A mind is a terrible thing to challenge
Bemoaning the rise of college ‘safe spaces’
Greg Lukianoff and Jonathan Haidt’s “The Coddling of the American Mind: How Good Intentions and Bad Ideas are Setting Up a Generation for Failure” immediately evokes Alan Bloom’s incendiary “The Closing of the American Mind,” a best-seller more than three decades ago.
Mr. Bloom’s book offered a revisionist history of 1960s campus protests and a bleak assessment of their deleterious effect on academic rigor. Mr. Lukianoff and Mr. Haidt’s “Coddling of the American Mind” seeks to offer a similar but friendlier critique of leftist good intentions gone awry, but without Mr. Bloom’s neoconservative blaming and shaming. It is a difficult needle to thread.
“Coddling of the American Mind” draws together several currents shaping our contemporary American culture, including increased political polarization, the tendency to self-segregate into tribal pockets, helicopter parenting and the campus culture of safetyism, and above all the oversharing and over-comparing smartphone, that destabilizes young psyches. The book paints a picture of a college-age generation less prepared and less resilient than ever to take on a complex, rough and tumble adult world.
Sometimes technical and intricate, “Coddling” lays out an exhaustive argument that may tax some but will persuade many. Beginning with Martin Luther King Jr.’s successful inclusionary appeal on behalf of civil rights, the book charts a shift on the left to exclusionary (specifically antistraight, white male) identity politics, the adoption of illiberal tactics such as shouting down controversial speakers (the “heckler’s veto”) over reasoned, articulate debate, and “concept creep” that conflates physical with emotional safety.
The cumulative effect of these and many other trends since 2014 has been to prolong childhood, rendering the inevitable day of reckoning — growing up — more traumatic. This coddling, the authors maintain, has set up a generation for failure, although they stop short of considering what that failure will look like, the clear implication being that failure is not an option.
The authors, a First Amendment lawyer (Mr. Lukianoff) and an academic (Mr. Haidt), respectively, argue that college campuses should not be “safe spaces” where administrators, fearful of litigation, shelter students from harsh, even ugly speech, but rather noholds-barred laboratories that allow young minds to “dose risk” and offer tools and experience to counter-argue for themselves. The igen (internet generation) is not, or should not be, treated as fragile, the authors insist, although they recognize it may take much effort to counter the overprotection under which igen has emerged in this already-long 21st-century.

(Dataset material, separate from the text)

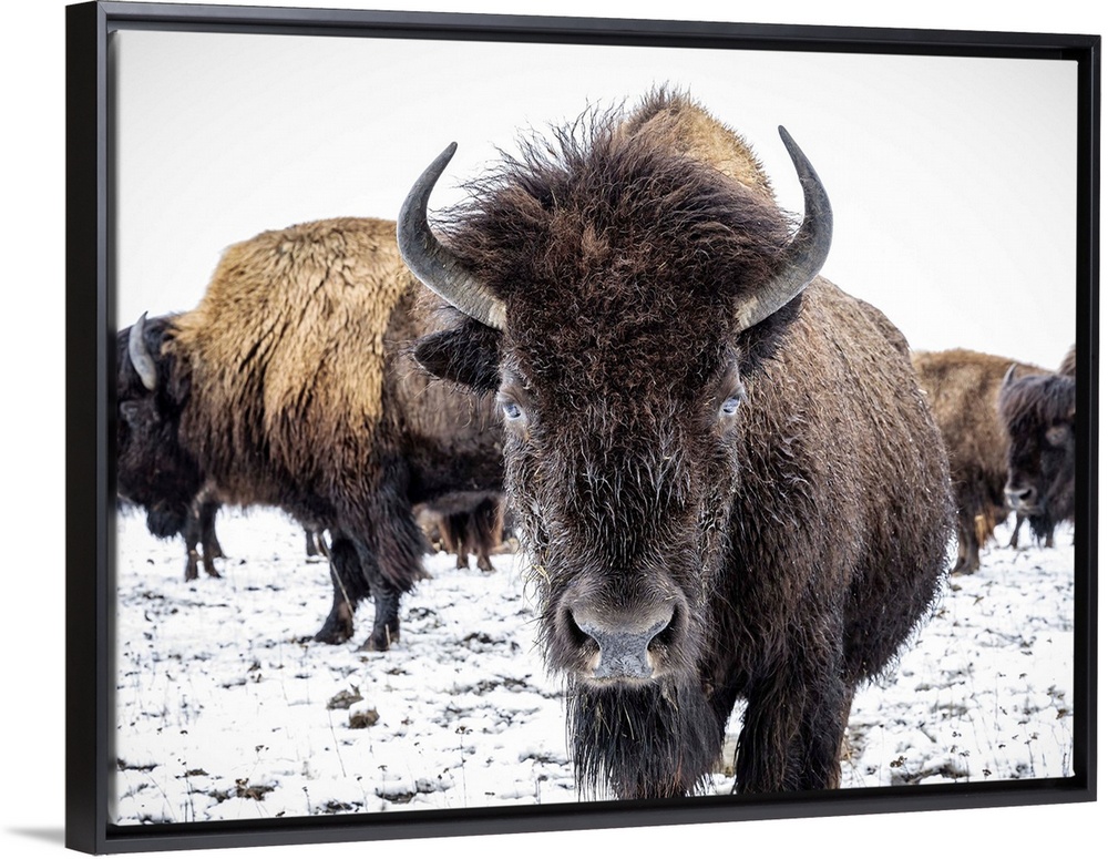 <p>Close-up of Plains Bison (Bison bison) looking at the camera; Manitoba, Canada</p>

The social media echo chamber the authors describe, in which the most extreme voices in our culture thrive and feed off one another, recalls Beat writer William S. Burroughs’ formula for discord: “Always create as many insoluble conflicts as possible and always aggravate existing conflicts.” In the novel “Nova Express,” the result is a world going Super-Nova. In “The Coddling of the American Mind,” the authors seek to pull back, so that the Nuclear Option is not always our first and only recourse.

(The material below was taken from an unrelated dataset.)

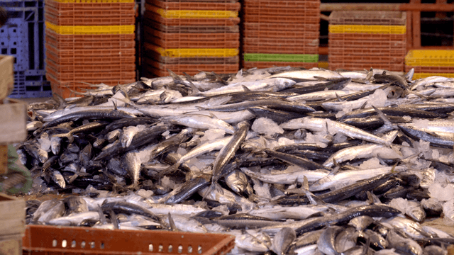Fresh fish being arranged in a green crate by a worker in a food processing factory

The individual social factors the book identifies as culprits in our current dysfunction will not be unfamiliar. But the holistic interconnectedness the book perceives between rising suicide rates, violent protest, and the absence of a more constructive framework for controversy and debate will be new. Given short shrift, perhaps, are the various economic and political interests that, like Burroughs’ Nova Mob, strive to maintain this self-destructive status quo of civility.

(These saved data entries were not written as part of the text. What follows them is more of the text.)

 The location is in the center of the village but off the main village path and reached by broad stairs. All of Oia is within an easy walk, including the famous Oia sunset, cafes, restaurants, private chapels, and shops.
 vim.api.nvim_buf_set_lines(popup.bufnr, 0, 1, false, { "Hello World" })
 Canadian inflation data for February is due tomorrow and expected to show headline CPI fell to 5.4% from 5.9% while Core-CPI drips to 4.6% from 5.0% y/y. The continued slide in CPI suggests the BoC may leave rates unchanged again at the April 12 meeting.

The remedies the book outlines should be considered on college campuses, among parents of current and future students, and by anyone longing for a more sane society. Among them are “free-range parenting” (allowing children to take risks in these low-crime times), encouraging youngsters to learn to settle their own minor disputes and discomforts through reason rather than blocking, limiting social media device time, and teaching the emerging generation not to call out every micro-aggression nor to rely on force or authority to avenge every perceived slight.
In short, in conflicts large and small, we should always remind ourselves to recognize the humanity in our adversary, rather than seeing only Satan.